The radicals describe Herzen as a liberal for not wanting immediate change, but Herzen rejects their pleas arguing for change at a pace that will ensure success. Herzen briefly joined with other Russian liberals such as Kavelin to promote the peasant 'awakening' in Russia. Herzen continued to use The Bell as an outlet to promote unity with all sections of the Russian society behind a demand for a national parliament.

However his hopes of acting as a uniting force were ended by the January Uprising of 1863/1864, when the liberal support for Tsarist revenge against the Poles ended Herzen's link with them; Herzen had pleaded the insurgents' cause. This breach resulted in a declining readership for The Bell, which ceased publication in 1867. By his death in 1870, Herzen was almost forgotten.

== Influence in the 19th and 20th century ==

"There are two authors whom I make propaganda for: one is Herzen, the other is Shestov. They are both totally decent, open-minded, open-hearted human beings."
— Isaiah Berlin

Herzen opposed the aristocracy that ruled 19th century Russia and supported an agrarian collectivist model of social structure. A rise in populism by 1880 led to a favourable re-evaluation of his writings. In Russia the distinctly western notion of "progress" was replaced by a conservative promise of modernization based on the incorporation of modern technology to serve the established system. The promise of modernization in the service of autocracy frightened Herzen who warned of a Russia governed by "Genghis Khan with a telegraph."
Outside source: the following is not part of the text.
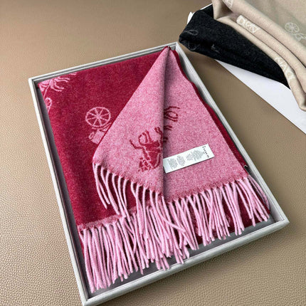 HORSE & CARRIAGE PRINT SCARF 195 CM IN RED PINK 375240

Alongside populism, Herzen is also remembered for his rejection of corrupt government of any political persuasion and for his support for individual rights. A Hegelian in his youth, this translated into no specific theory or single doctrine dominating his thought. Herzen came to believe the complex questions of society could not be answered and that Russians must live for the moment and not a cause, essentially life is an end in itself. Herzen found greater understanding by not committing himself to an extreme but rather lived impartially enabling him to equally criticise competing ideologies. Herzen believed that grand doctrines ultimately result in enslavement, sacrifice and tyranny.

Tolstoy declared that he had never met another man "with so rare a combination of scintillating brilliance and depth". Herzen was a hero of the 20th-century philosopher Isaiah Berlin. The words of Herzen that Berlin repeated most insistently were those condemning the sacrifice of human beings on the altar of abstractions, the subordination of the realities of individual happiness or unhappiness in the present to glorious dreams of the future. Berlin, like Herzen, believed that "the end of life is life itself" and that each life and each age should be regarded as its own end and not as a means to some future goal. Berlin called Herzen's autobiography "one of the great monuments to Russian literary and psychological genius, worthy to stand beside the great novels of ... Turgenev and Tolstoy."
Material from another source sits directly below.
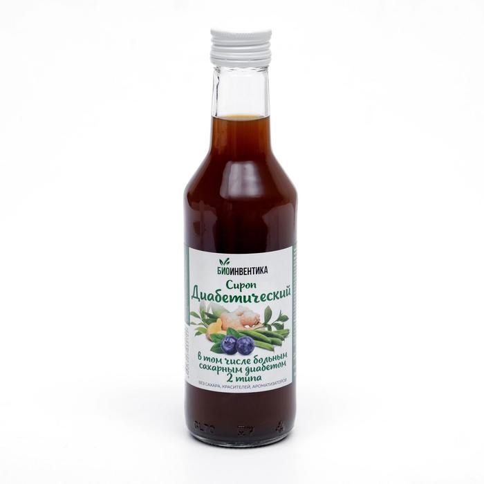Сироп диабетический - продукт разработан специалистами компании ООО «Биоинвентика» для больных диабетом 2 типа, профилактики диабета и использовании в комплексной терапии для лечения этого заболевания. Этот природный продукт на основе традиционно используемых для лечения СД экстрактов побегов черники, створок фасоли, горца птичьего, усилен введением в рецептуру корня имбиря и листьев зеленого чая, а также обогащен комплексом поливитаминов.

Russian Thinkers (The Hogarth Press, 1978), a collection of Berlin's essays in which Herzen features, was the inspiration for Tom Stoppard's The Coast of Utopia, a trilogy of plays performed at London's National Theatre in 2002 and at New York's Lincoln Center in 2006–2007. Set against the background of the early development of Russian socialist thought, the Revolutions of 1848 and later exile, the plays examine the lives and intellectual development of, among other Russians, the anarchist Mikhail Bakunin, the literary critic Vissarion Belinsky, the novelist Ivan Turgenev and Herzen, whose character dominates the plays.